Thursday, January 20, 2011

Le mot juste

I learned a new word today but I am afraid to use it for fear that someone overhearing me will think, My God she has a strange accent or That’s not the word she really meant to use. The word is ‘parlous’ and it was in an article in the New York Times used to describe the economy -  “  . . . he was dead-on about the parlous state of the economy, even though he was affluent and not directly threatened by it.”

It stopped me in my tracks. I read many diverse things in the run of a day, but this was my first encounter with the word parlous. It seemed relatively easy to decipher from a contextual standpoint. The economy has been anything but healthy for a year or two, so parlous must mean uncertain. I went to the Oxford English Dictionary online to find these synonyms: grave, grievous, hazardous, jeopardizing, menacing, dangerous, perilous, risky, serious, threatening, unhealthy, unsafe, venturesome.
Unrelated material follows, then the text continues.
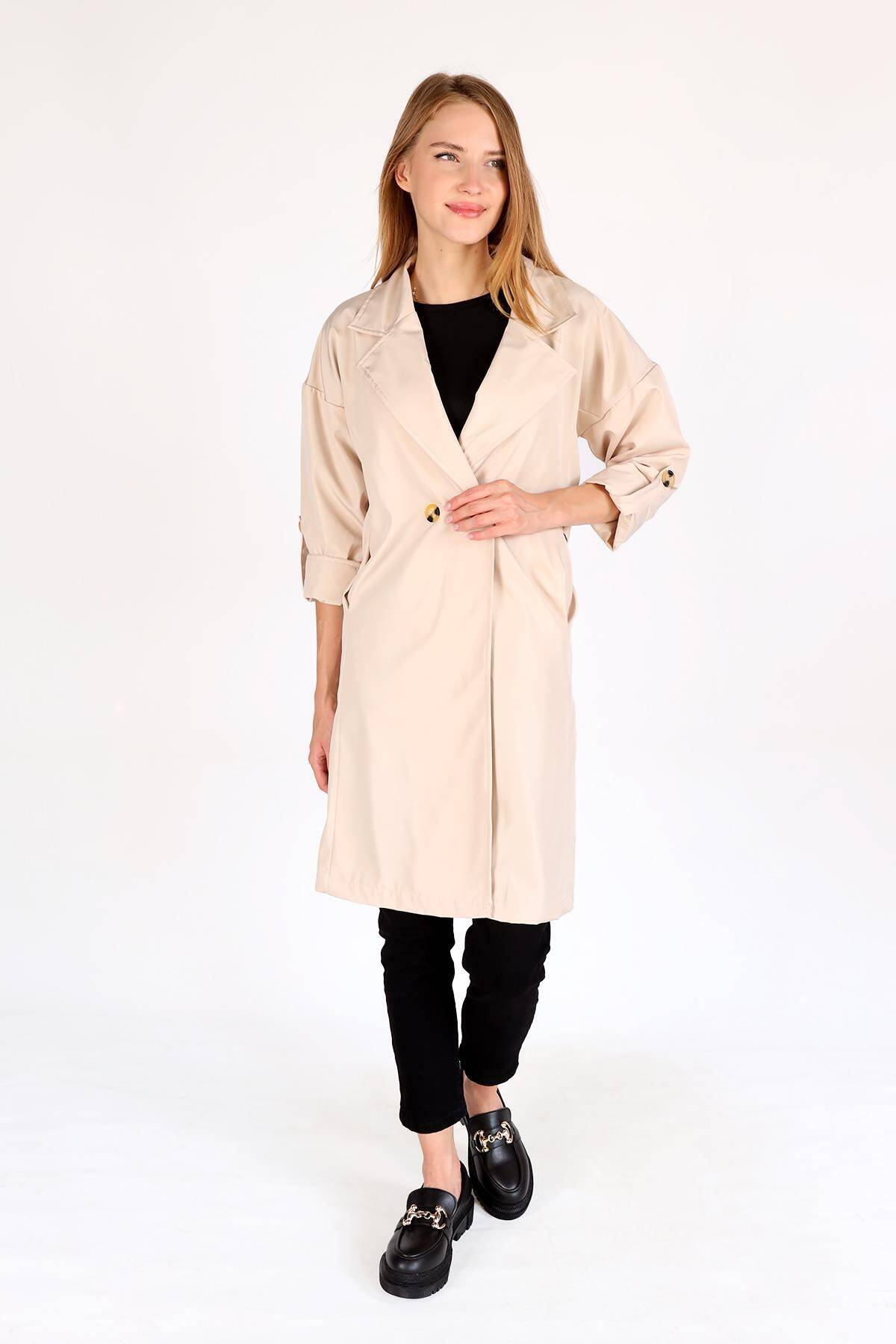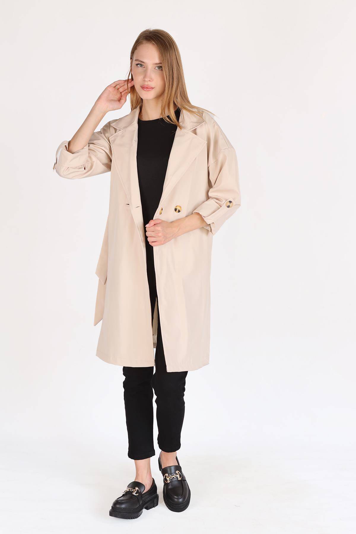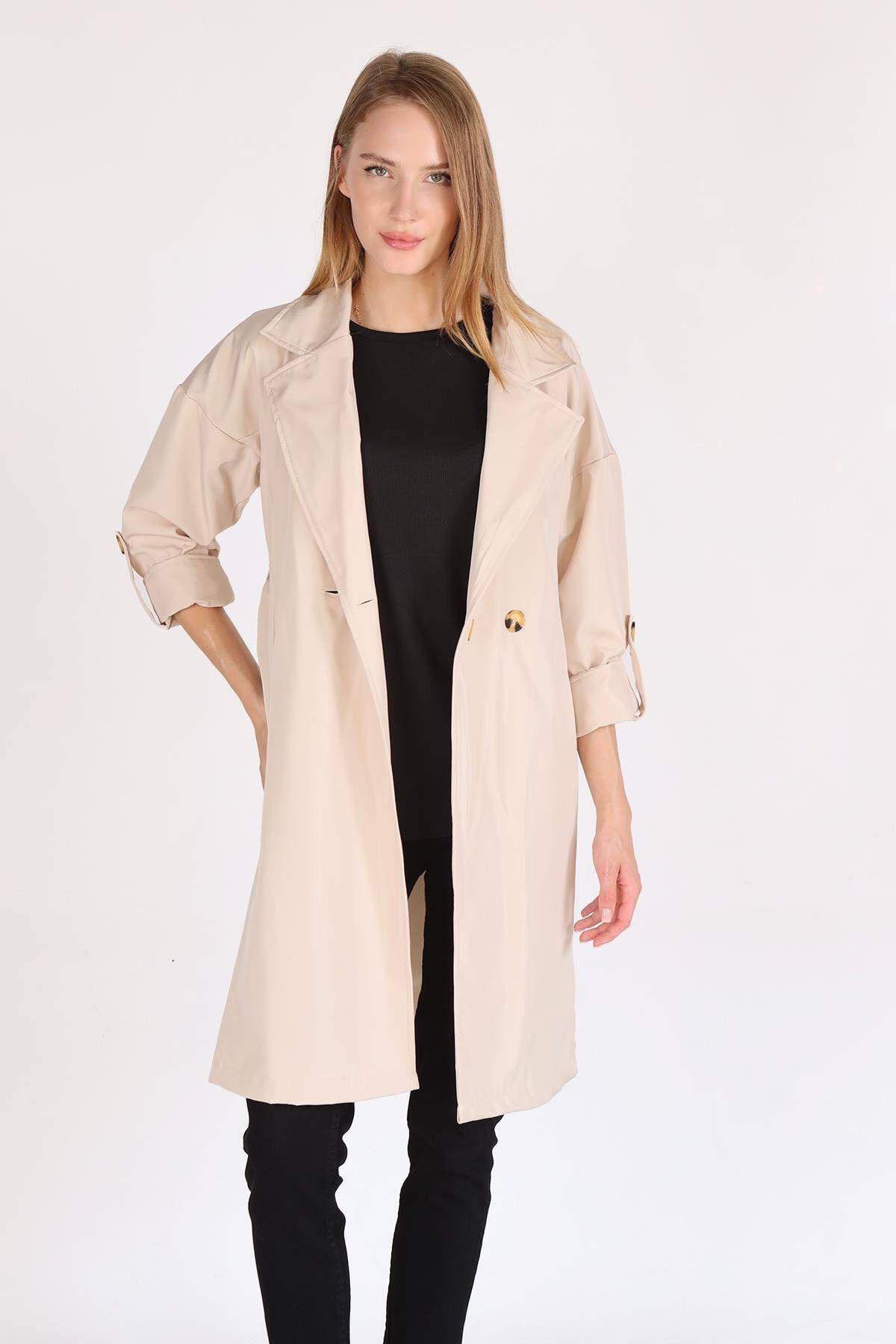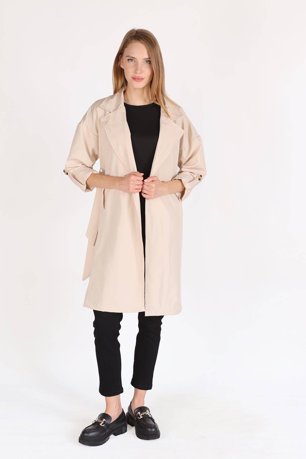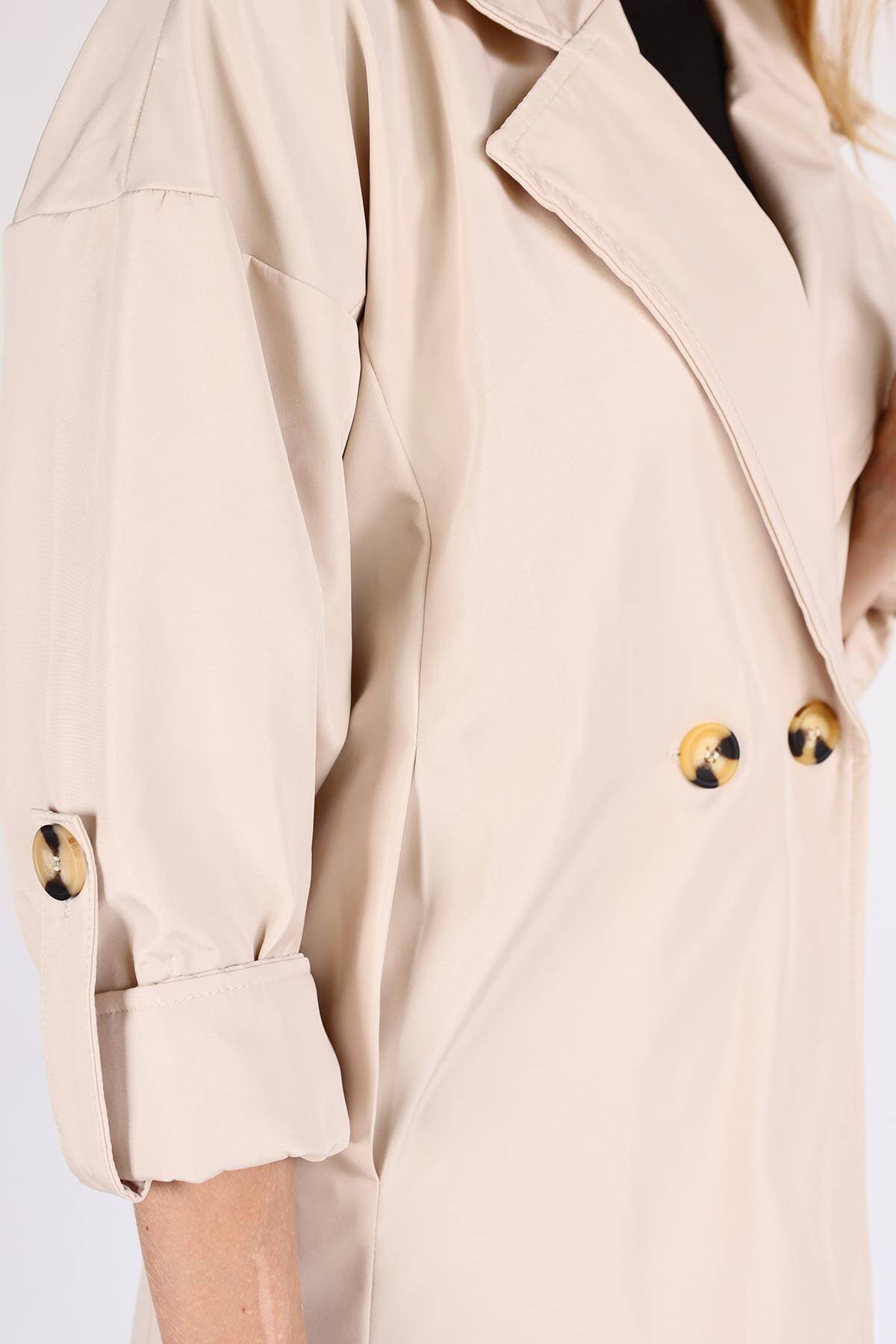 Bej Kapüşonlu Cepli Fermuarlı Kap 4572A

Ah, yes. I was right.


Then I spotted the very thing that could make me look and sound a fool if I were to begin using this useful word. Perilous. Hey, that sounds very close to parlous. Someone will surely think I meant to say, or worse yet, write perilous.  A deeper look would be required to root out some etymology so I would at least have a defense prepared if someone challenged me. Oh, what fun!

How I love words! A dear friend and mentor of mine told me once that I truly was a wordsmith because of the way I continually sought out new ones to add to my vocabulary. It is a bit of a point of pride for me to find the right word, le mot juste, for a given situation.

I do my research though. I am fearful of being called to task for improper usage by some pseudo-scholarly type. That feeling of scorn brings back a memory of fifth grade and being asked by Miss Wright to remain after a geography class about indigenous peoples. It was 1964, and well before political correctness, so she and we would have called them Indians. She had written on the blackboard the word teepee as one of our spelling words. Why I felt it necessary to do what I did next I do not know to this day. I had done plenty of my own reading from books in our home about native culture, and had read this same word alternately spelled tipi many times. So, I asked Miss Wright if I could use the other spelling on my test as it was an accepted form.  She said an emphatic no and her face grew red.

When I compliantly remained after the others had left the classroom, she explained through gritted teeth that although the word might very well be spelled tipi in some books it was spelled teepee in the book we were using and that was the way we would spell it on our test. I still wasn’t satisfied. Then she ended this little lesson with a caution. “Don’t try to look smarter than your teacher, Catherine.”

But that’s a whole other story.

I want to use my new word. It might be a parlous decision, but I feel well-armed.


4 comments:

  1. Hmmm. Now I am left to wonder if the speaker really did mean 'perilous', but the writer, or editor heard 'parlous'?? Perhaps the speaker was recorded and the statement transcribed. Love the word, but everytime I say it I develop a Southern accent!

    ReplyDelete
  2. Remember discussions about choosing the best baby names? Cadwallader?

    ReplyDelete
  3. Whoa. You know you are are trouble when they use your full name.

    ReplyDelete
  4. Oh, Mo! I DO remember the baby name fun!